- **DATASET EXTRACT**
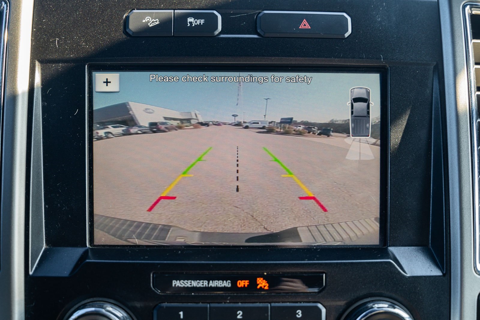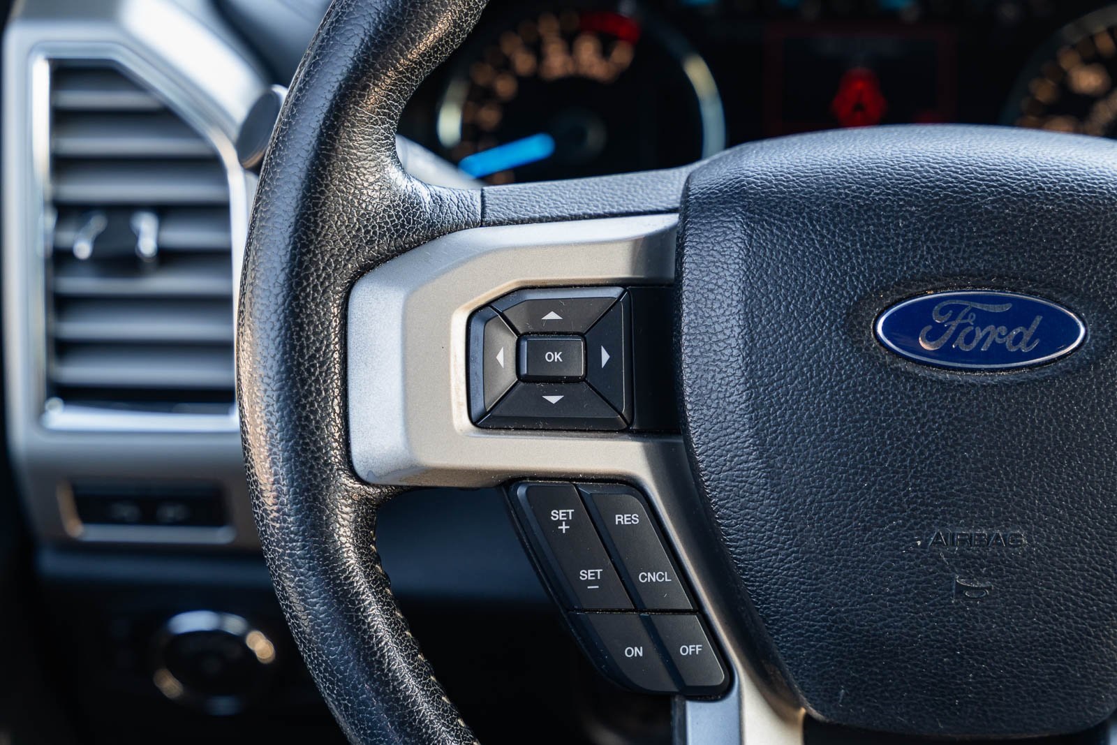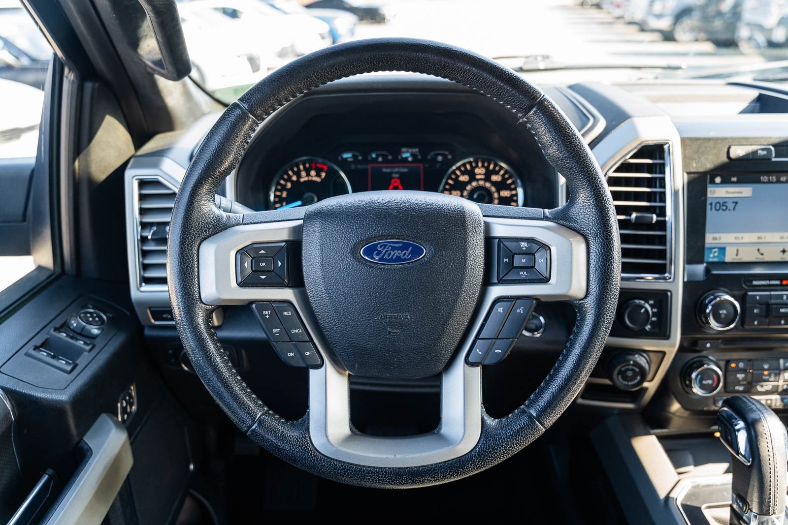 This vehicle comes equipped with Equipment Group 501A Mid (110V/400W Outlet, BLIS Blind Spot Information System, LED Side-Mirror Spotlights, Power Glass Sideview Mirr w/Body-Color Skull Caps, Remote Start System w/Remote Tailgate Release, Reverse Sensing System, and Universal Garage Door Opener), FX4 Off-Road Package (4x4 FX4 Off-Road Bodyside Decal, Front & Rear Off-Road Tuned Shock Absorbers, and Hill Descent Control), GVWR: 6,500 lbs Payload Package, Lariat Sport Appearance Package (Accent-Color 3-Bar Style Grille, Accent-Color Angular Step Bars, Body-Color Front & Rear Bumpers, Box Side Decal, Single-Tip Chrome Exhaust, and Wheels: 18" 6-Spoke Machined-Aluminum), Trailer Tow Package (Auxiliary Transmission Oil Cooler, Class IV Trailer Hitch Receiver, Pro Trailer Backup Assist, and Upgraded Front Stabilizer Bar), 4WD, 18" Machined-Aluminum Wheels, 3.55 Axle Ratio, 4-Wheel Disc Brakes, 7 Speakers, ABS brakes, Adjustable pedals, Air Conditioning, Alloy wheels, AM/FM radio: SiriusXM, Auto-dimming door mirrors, Auto-dimming Rear-View mirror, Automatic temperature control, Brake assist, Bumpers: chrome, CD player, Compass, Delay-off headlights, Driver door bin, Driver vanity mirror, Dual front impact airbags, Dual front side impact airbags, Electronic Stability Control, Exterior Parking Camera Rear, Front anti-roll bar, Front Center Armrest w/Storage, Front dual zone A/C, Front fog lights, Front reading lights, Front wheel independent suspension, Fully automatic headlights, Heated door mirrors, Heated front seats, Illuminated entry, Leather-Trimmed 40/20/40 Front Seat, Low tire pressure warning, Memory seat, Occupant sensing airbag, Outside temperature display, Overhead airbag, Overhead console, Panic alarm, Passenger door bin, Passenger vanity mirror, Pedal memory, Power door mirrors, Power driver seat, Power passenger seat, Power steering, Power windows, Radio data system, Radio: Single-CD w/SiriusXM Satellite, Rear reading lights, Rear seat center armrest, Rear step bumper, Rear window defroster, Remote keyless entry, Security system, Speed control, Speed-sensing steering, Split folding rear seat, Steering wheel mounted audio controls, SYNC 3, Tachometer, Tailgate Step w/Tailgate Lift Assist, Telescoping steering wheel, Tilt steering wheel, Traction control, Trip computer, Turn signal indicator mirrors, Variably intermittent wipers, Ventilated front seats, Voltmeter, and Wheels: 20" 6-Spoke Premium Painted Aluminum.
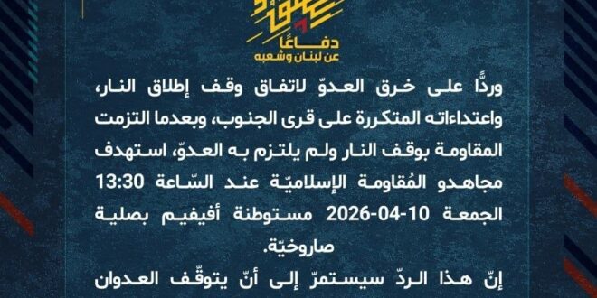 دفاعًا عن لبنان وشعبه، وردًّا على خرق العدوّ لاتفاق وقف إطلاق النار، واعتداءاته المتكررة على قرى الجنوب، وبعدما التزمت المقاومة بوقف النار ولم يلتزم به العدوّ، استهدف مجاهدو المُقاومة الإسلاميّة عند السّاعة 13:30 الجمعة 10-04-2026 مستوطنة أفيفيم بصلية صاروخيّة.
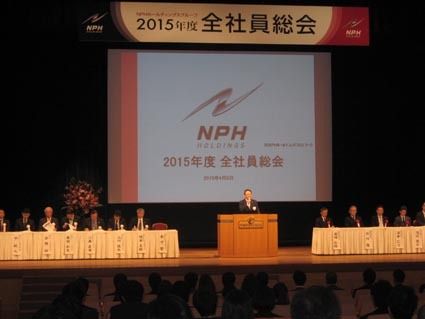 【神戸】NPHホールディングスは8日、神戸市中央区のホテルで「全社員総会」を開催した。グループの全社員に加え、株主や取引先らを招き、2014年度決算見込みと15年度の会社方針などを説明した。その後、愛媛トヨタ社長、ネッツトヨタ南国相談役の...
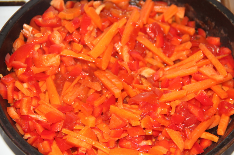 2. Режем соломкой морковь, перец кубиками. Бросаем в разогретую сковороду с раст. маслом с добавлением помидор в собственном соку. Тушим 20 мин.
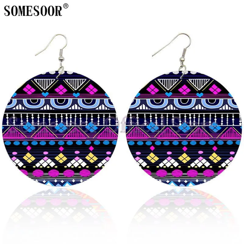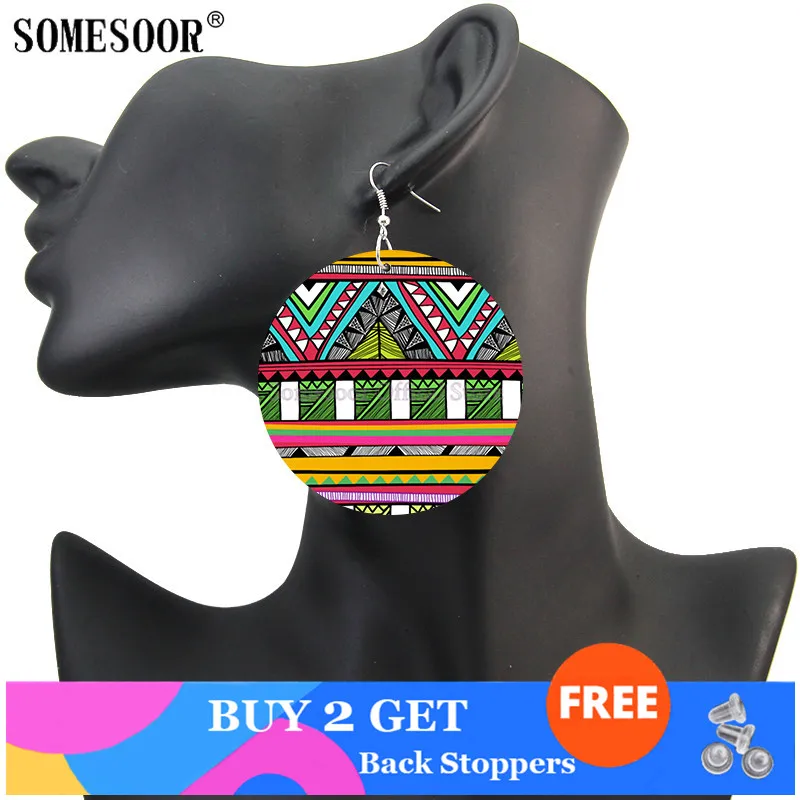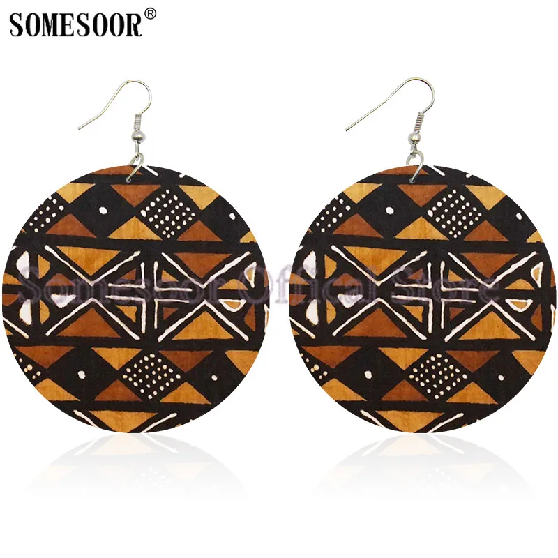 Деревянные этнические серьги SOMESOOR в африканском стиле, богемные висячие серьги с двусторонним принтом, подарки для женщин, ювелирные изделия с петлями
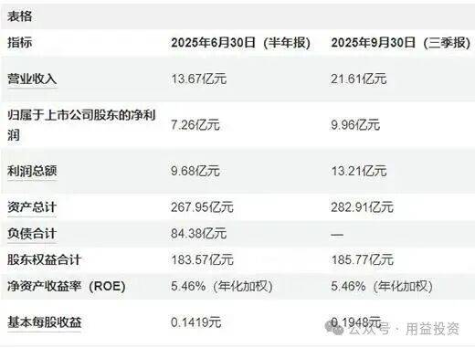 此前,半年报数据曾显示,上半年归属于上市公司股东的净利润7.26亿元,同比增长5.74%;而在三季报数据中,前三季度这一指标增至9.96亿元,同比增幅提升至6.60%,其中第三季度单季净利润2.70亿元,同比增长8.96%,增速较上半年提升3.22个百分点。

- **TASK PROMPT**
Repeat the records in full, precisely, and keep the pictures out.

- **TASK OUTPUT**
 This vehicle comes equipped with Equipment Group 501A Mid (110V/400W Outlet, BLIS Blind Spot Information System, LED Side-Mirror Spotlights, Power Glass Sideview Mirr w/Body-Color Skull Caps, Remote Start System w/Remote Tailgate Release, Reverse Sensing System, and Universal Garage Door Opener), FX4 Off-Road Package (4x4 FX4 Off-Road Bodyside Decal, Front & Rear Off-Road Tuned Shock Absorbers, and Hill Descent Control), GVWR: 6,500 lbs Payload Package, Lariat Sport Appearance Package (Accent-Color 3-Bar Style Grille, Accent-Color Angular Step Bars, Body-Color Front & Rear Bumpers, Box Side Decal, Single-Tip Chrome Exhaust, and Wheels: 18" 6-Spoke Machined-Aluminum), Trailer Tow Package (Auxiliary Transmission Oil Cooler, Class IV Trailer Hitch Receiver, Pro Trailer Backup Assist, and Upgraded Front Stabilizer Bar), 4WD, 18" Machined-Aluminum Wheels, 3.55 Axle Ratio, 4-Wheel Disc Brakes, 7 Speakers, ABS brakes, Adjustable pedals, Air Conditioning, Alloy wheels, AM/FM radio: SiriusXM, Auto-dimming door mirrors, Auto-dimming Rear-View mirror, Automatic temperature control, Brake assist, Bumpers: chrome, CD player, Compass, Delay-off headlights, Driver door bin, Driver vanity mirror, Dual front impact airbags, Dual front side impact airbags, Electronic Stability Control, Exterior Parking Camera Rear, Front anti-roll bar, Front Center Armrest w/Storage, Front dual zone A/C, Front fog lights, Front reading lights, Front wheel independent suspension, Fully automatic headlights, Heated door mirrors, Heated front seats, Illuminated entry, Leather-Trimmed 40/20/40 Front Seat, Low tire pressure warning, Memory seat, Occupant sensing airbag, Outside temperature display, Overhead airbag, Overhead console, Panic alarm, Passenger door bin, Passenger vanity mirror, Pedal memory, Power door mirrors, Power driver seat, Power passenger seat, Power steering, Power windows, Radio data system, Radio: Single-CD w/SiriusXM Satellite, Rear reading lights, Rear seat center armrest, Rear step bumper, Rear window defroster, Remote keyless entry, Security system, Speed control, Speed-sensing steering, Split folding rear seat, Steering wheel mounted audio controls, SYNC 3, Tachometer, Tailgate Step w/Tailgate Lift Assist, Telescoping steering wheel, Tilt steering wheel, Traction control, Trip computer, Turn signal indicator mirrors, Variably intermittent wipers, Ventilated front seats, Voltmeter, and Wheels: 20" 6-Spoke Premium Painted Aluminum.
 دفاعًا عن لبنان وشعبه، وردًّا على خرق العدوّ لاتفاق وقف إطلاق النار، واعتداءاته المتكررة على قرى الجنوب، وبعدما التزمت المقاومة بوقف النار ولم يلتزم به العدوّ، استهدف مجاهدو المُقاومة الإسلاميّة عند السّاعة 13:30 الجمعة 10-04-2026 مستوطنة أفيفيم بصلية صاروخيّة.
 【神戸】NPHホールディングスは8日、神戸市中央区のホテルで「全社員総会」を開催した。グループの全社員に加え、株主や取引先らを招き、2014年度決算見込みと15年度の会社方針などを説明した。その後、愛媛トヨタ社長、ネッツトヨタ南国相談役の...
 2. Режем соломкой морковь, перец кубиками. Бросаем в разогретую сковороду с раст. маслом с добавлением помидор в собственном соку. Тушим 20 мин.
 Деревянные этнические серьги SOMESOOR в африканском стиле, богемные висячие серьги с двусторонним принтом, подарки для женщин, ювелирные изделия с петлями
 此前,半年报数据曾显示,上半年归属于上市公司股东的净利润7.26亿元,同比增长5.74%;而在三季报数据中,前三季度这一指标增至9.96亿元,同比增幅提升至6.60%,其中第三季度单季净利润2.70亿元,同比增长8.96%,增速较上半年提升3.22个百分点。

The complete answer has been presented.